Materialize also reduced row representation sizes, and replaced usize offsets with more compact u32 offsets. In this context, u32 refers to a 32-bit unsigned integer, which uses less memory compared to the usize type (a larger integer type sized for the system architecture), thereby saving space for systems with smaller datasets. This relates to the way relational databases consider memory optimization through the efficient use of pointers and indexes. In traditional systems, minimizing the size of indexes is important for reducing the memory footprint, which can be seen in the design of hash indexes or B-trees, where pointer sizes are critical in ensuring that indexes do not grow excessively large.

Additionally, the company employs a "spill-to-disk" strategy that has similarities to secondary storage usage in traditional databases. When memory usage becomes a constraint, Materialize offloads data to disk, ensuring continued processing without overwhelming system memory. However, unlike traditional systems, where secondary storage is more static and used for larger data volumes (such as index files), Materialize dynamically adjusts data storage in real-time, optimizing the tradeoff between performance and resource availability.
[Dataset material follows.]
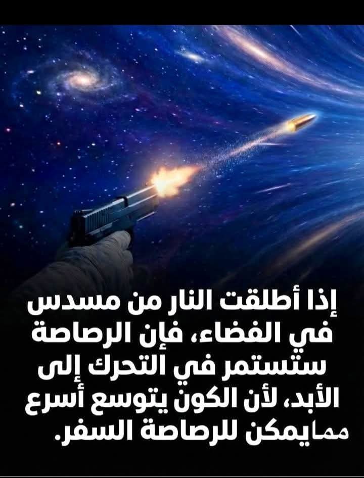 الرصاصة الأبدية: رحلة بلا نهاية في أعماق الكون تخيل للحظة أنك تطفو في الفراغ العظيم، حيث يسود الصمت المطلق ولا وجود للهواء. ترفع مسدساً نحو الظلام الدامس وتضغط على الزناد. في تلك اللحظة، أنت لا تطلق مجرد قطعة معدنية، بل تبدأ رحلة قد تستمر إلى نهاية الزمان.لماذا لا تتوقف الرصاصة؟على كوكب الأرض، الرصاصة محكوم عليها بالتوقف لسببين رئيسيين: مقاومة الهواء التي تبطئ سرعتها، والجاذبية التي تسحبها للأسفل لترتطم بالأرض. لكن في الفضاء، هذان العاملان غير موجودين. وفقاً لقانون نيوتن الأول للحركة: “الجسم المتحرك يبقى متحركاً بنفس السرعة وفي نفس الاتجاه ما لم تؤثر عليه قوة خارجية”.بمعنى آخر، الرصاصة التي تخرج من فوهة المسدس في الفضاء ستظل محتفظة بسرعتها الابتدائية للأبد، مبحرة في خط مستقيم عبر الفراغ السرمدي.سباق مع الكونما يجعل الفكرة أكثر إثارة، كما تذكر الصورة، هو توسع الكون. نحن نعيش في كون لا يتوقف عن التمدد، والمجرات تبتعد عن بعضها البعض بسرعات خيالية.حتى لو انطلقت الرصاصة بسرعة فائقة، فإن الفضاء نفسه “يخلق” مسافات جديدة أمامها باستمرار. الكون يتوسع بمعدل قد يتجاوز سرعة الرصاصة في الوصول إلى حافته (إذا كان له حافة). لذا، فإن الرصاصة لن تكون مجرد قطعة معدنية تائهة، بل ستكون في سباق أبدي، تطارد أفقاً يهرب منها باستمرار، محكومة بالسفر في عزلة تامة عبر مليارات السنين الضوئية، وربما تظل شاهدة على تاريخ الكون حتى بعد فناء الحضارات التي صنعتها.إنها ليست مجرد طلقة نار؛ إنها كبسولة زمنية تنطلق نحو اللانهاية. # الفيزياء والكون# مجلة ايليت فوتو ارت.
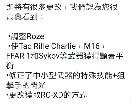 在新赛季到来之际,官方对于游戏平衡性做出了一系列的改动,除了在人物方面有一些调整,最重要的是对于武器进行了大规模BUG修复和强度平衡。其中战术步枪C、M16、FFAR1、Sykov等均有大小不等改动。这样改动不仅提高了游戏竞技性,对于玩家来说,也有机会在游戏中接触更多武器,增添了游戏乐趣。官方对于MW枪和狙击镜BUG也进行了修复,以后大家再也不用担心狙击镜反光问题了。

This is different from the usual disk-based hash indexing in relational databases, where indexes are pre-constructed and disk I/O is a fixed cost associated with query processing.

Tutorial

In this tutorial, we’ll build a real-time data pipeline that scrapes continuously updated Redfin real estate data, sends it to Kafka, and ingests it into Materialize for querying. Kafka will act as the messaging platform on localhost:9092, while Materialize will enable us to run real-time SQL queries on the incoming data. We will use the Redfin Scraper to collect real estate data and push it into Kafka, which Materialize will listen to for real-time querying.
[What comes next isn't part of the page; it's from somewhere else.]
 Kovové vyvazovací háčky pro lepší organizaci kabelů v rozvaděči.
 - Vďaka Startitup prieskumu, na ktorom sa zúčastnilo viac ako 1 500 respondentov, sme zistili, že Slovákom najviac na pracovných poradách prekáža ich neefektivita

Step 1: Install the Redfin Scraper

This package allows us to scrape real estate data from Redfin.

pip3 install -U redfin-scraper

Step 2: Download the CSV File

Download the CSV file of zip codes from the Redfin Scraper repository. This file contains a list of zip codes that will be used to fetch real estate data.
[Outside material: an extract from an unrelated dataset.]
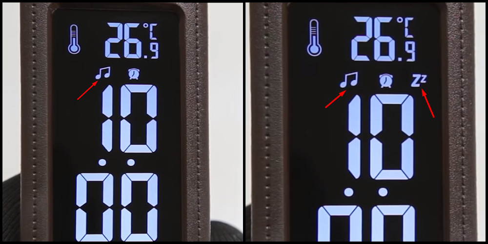 À l'aide des flèches, sélectionnez le mode sur la chaux, le mode sera activé une fois, l'icône «belezhka» apparaîtra à l'écran. Le mode répète la notification deux fois, l'icône "berezhka" et "Zz" n'apparaissent pas à l'écran.

Step 3: Set Up and Run `test.py`

You will need to modify and run the test.py script to scrape real estate data. The following code demonstrates how to set up the scraper and send data to Kafka through localhost, after setting it up. I have disabled multiprocessing for simplicity. Be sure to install confluent kaka on terminal as well.

from redfin_scraper import RedfinScraper
from confluent_kafka import Producer
import json

## running on 9092
kafka_config = {'bootstrap.servers': 'localhost:9092'}
producer = Producer(kafka_config)

# the following is from tests.py but using NY data
scraper = RedfinScraper()
scraper.setup('./zip_code_database.csv', multiprocessing=False)
scraper.scrape(city_states=['New York, NY'], zip_codes=['10027'])
scraped_data = {
    "city": "New York",
}

# here we send 'real_estate_topic' to Kafka
producer.produce('real_estate_topic', key='omaha_listing', value=json.dumps(scraped_data), callback=delivery_report)
producer.flush()

Step 5. Using Materialize

Here we create a Kafka source to process the data using SQL queries. The following SQL will allow you to create a source from the Kafka topic. I did this process incorrectly so many times that I ran out of their free trial clusters. Therefore, I have no idea if this is correct, but will continue my tutorial for the sake of explanations.

CREATE SOURCE real_estate_source
  FROM KAFKA CONNECTION kafka_connection (TOPIC 'real_estate_topic')
  FORMAT AVRO USING CONFLUENT SCHEMA REGISTRY CONNECTION csr_connection
  ENVELOPE NONE;

Step 6. Querying Time!!

Here we can run example queries to determine information about the real estate market in NY, which should be constantly updating.

SELECT city, state, price
FROM real_estate_source
WHERE price < 1000000
ORDER BY price DESC;

However, I could not check whether this updates constantly since I ran out of their free trial clusters.